# [BRIEF]
The answer is the line with "Our men's Footjoy" and every line after it to the end of the listing, retyped exactly. Pictures do not belong in it.

# [PROVIDED DATA]
—————
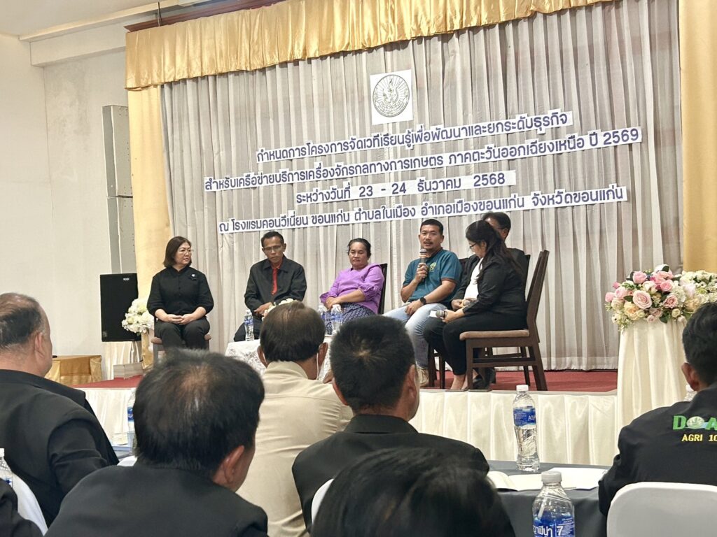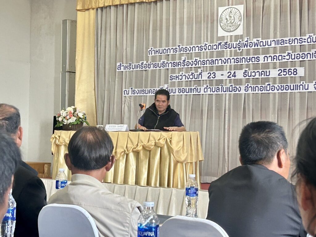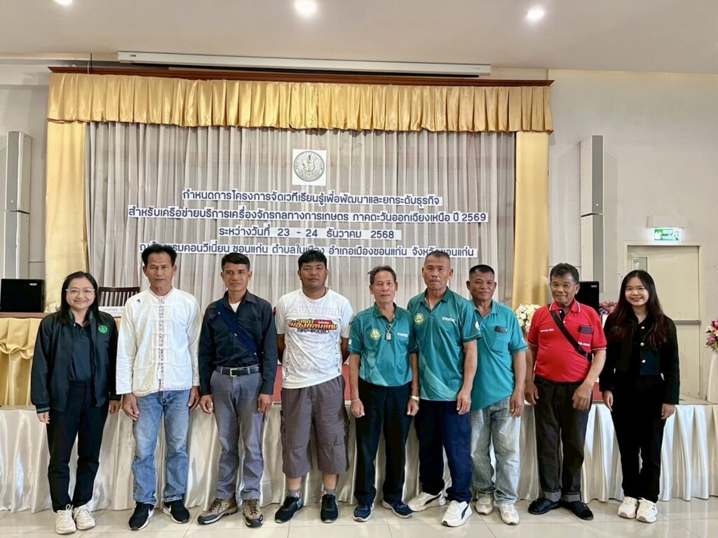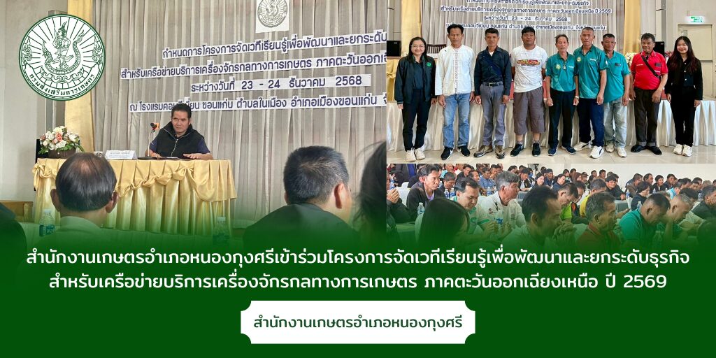 นางรวิสรา นรินญา เกษตรอำเภอหนองกุงศรี มอบหมายให้ นางสาวสินธรา เคนคำภา นักวิชาการส่งเสริมการเกษตรปฏิบัติการ พร้อมด้วยเกษตรกรจำนวน 8 ราย เข้าร่วมโครงการจัดเวทีเรียนรู้เพื่อพัฒนาและยกระดับธุรกิจ สำหรับเครือข่ายบริการเครื่องจักรกลทางการเกษตร ภาคตะวันออกเฉียงเหนือ ปี 2569 ระหว่างวันที่ 23-24 ธันวาคม 2568 โดยมี นายกมล โสพัฒน์ ผู้อำนวยการสำนักงานส่งเสริมและพัฒนาการเกษตรที่ 4 จังหวัดขอนแก่น เป็นประธานในพิธีเปิดการจัดเวทีฯ ณ โรงแรมคอนวีเนี่ยน ขอนแก่น ตำบลในเมือง อำเภอเมืองขอนแก่น จังหวัดขอนแก่น
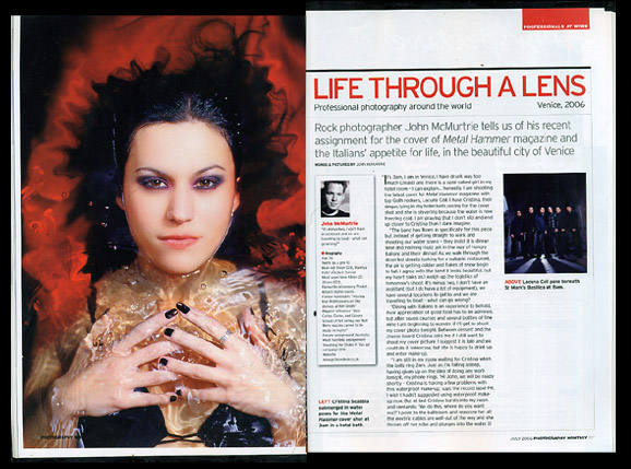 This month’s Photography Monthly magazine has a great behind the scenes piece on the Lacuna Coil feature in Venice.
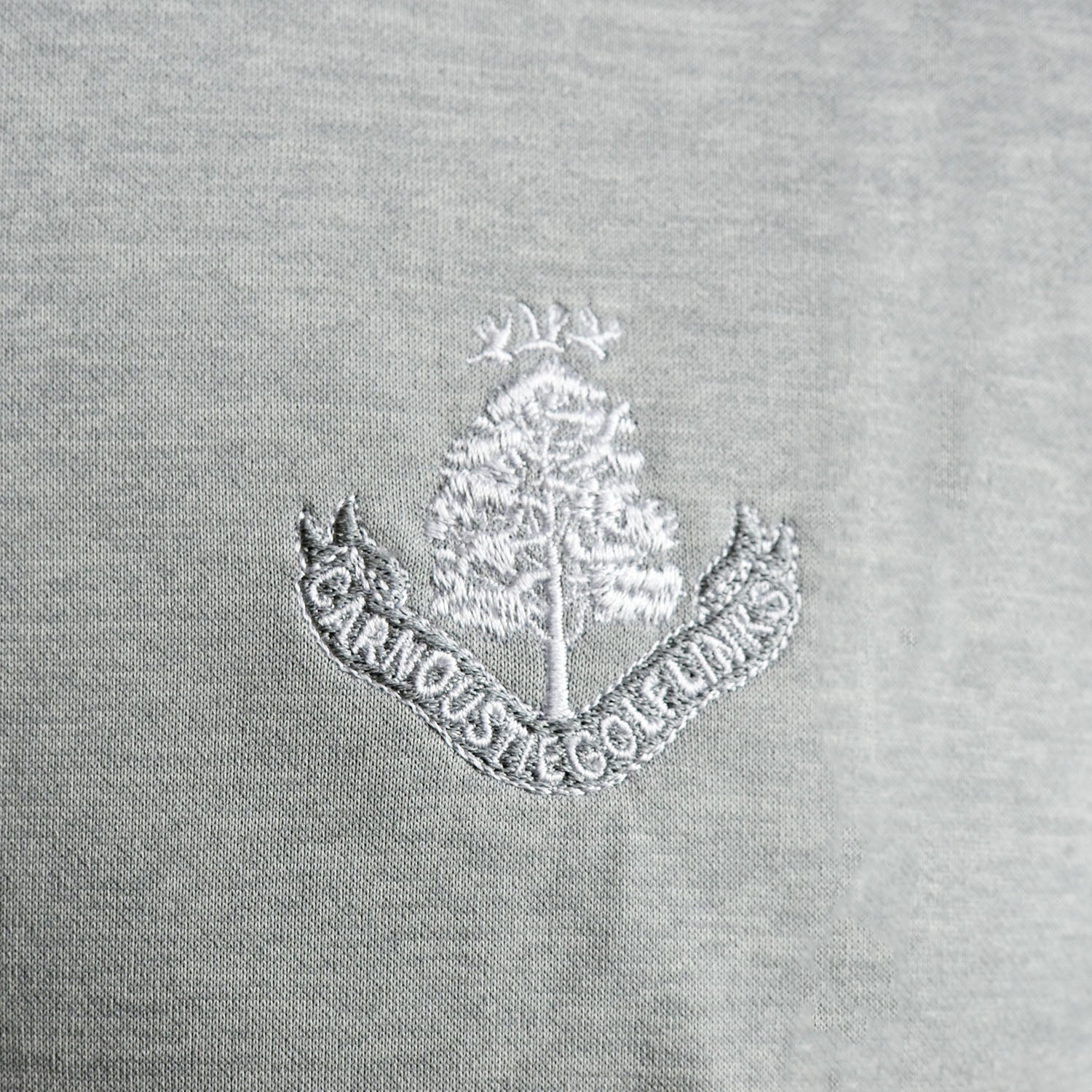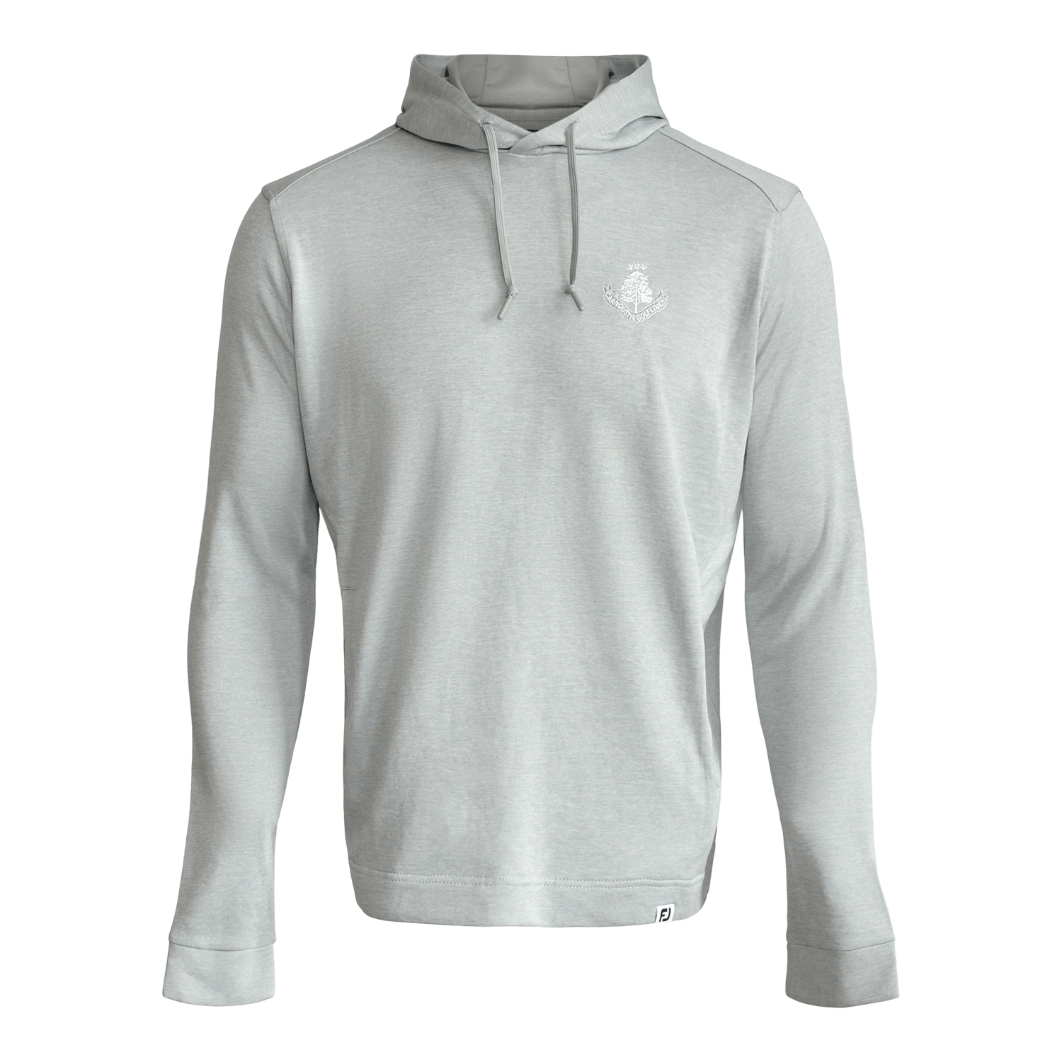 Our men's Footjoy lightweight hoodie in heather grey features our Carnoustie Golf Links logo on the left chest. This performance hoodie offers free range four way stretch. Made from 100% polyester.
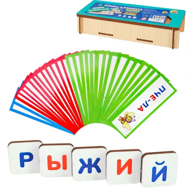 Размер упаковки: 20,7*8,1*4,8 см Размер изделия: 20,5*7,5*4 см Вес: 261 г Функционал: рамки и вкладыши, сортёр, обучающие функции (счёт, цвет, форма) Упаковка: термопленка Страна обладатель бренда: Россия Материал: фанера, картон Комплектация: ящик - 1 шт., фишки с дуквами, карточки Возраст ребенка: от 3 лет Деревянная игра сочетает в себе несколько вариантов: сортёр, вкладыши, обучение буквам русского алфавита и чтению. Сортер - развивающая игрушка, предназначенная для сортировки предметов. Цветные элементы достаточно крупные. Фигурная вырубка способствует развитию мелкой моторики у малышей. Сделанные из высококачественной древесины, элементы не деформируются и легко берутся в руки. Сборка головоломки способствует развитию внимания, логического мышления, усидчивости и подарит массу положительных эмоций. Все детали данной игры изготовлены из экологически чистых материалов. Товар сертифицирован
—————
# [EXPECTED ANSWER]
 Our men's Footjoy lightweight hoodie in heather grey features our Carnoustie Golf Links logo on the left chest. This performance hoodie offers free range four way stretch. Made from 100% polyester.
 Размер упаковки: 20,7*8,1*4,8 см Размер изделия: 20,5*7,5*4 см Вес: 261 г Функционал: рамки и вкладыши, сортёр, обучающие функции (счёт, цвет, форма) Упаковка: термопленка Страна обладатель бренда: Россия Материал: фанера, картон Комплектация: ящик - 1 шт., фишки с дуквами, карточки Возраст ребенка: от 3 лет Деревянная игра сочетает в себе несколько вариантов: сортёр, вкладыши, обучение буквам русского алфавита и чтению. Сортер - развивающая игрушка, предназначенная для сортировки предметов. Цветные элементы достаточно крупные. Фигурная вырубка способствует развитию мелкой моторики у малышей. Сделанные из высококачественной древесины, элементы не деформируются и легко берутся в руки. Сборка головоломки способствует развитию внимания, логического мышления, усидчивости и подарит массу положительных эмоций. Все детали данной игры изготовлены из экологически чистых материалов. Товар сертифицирован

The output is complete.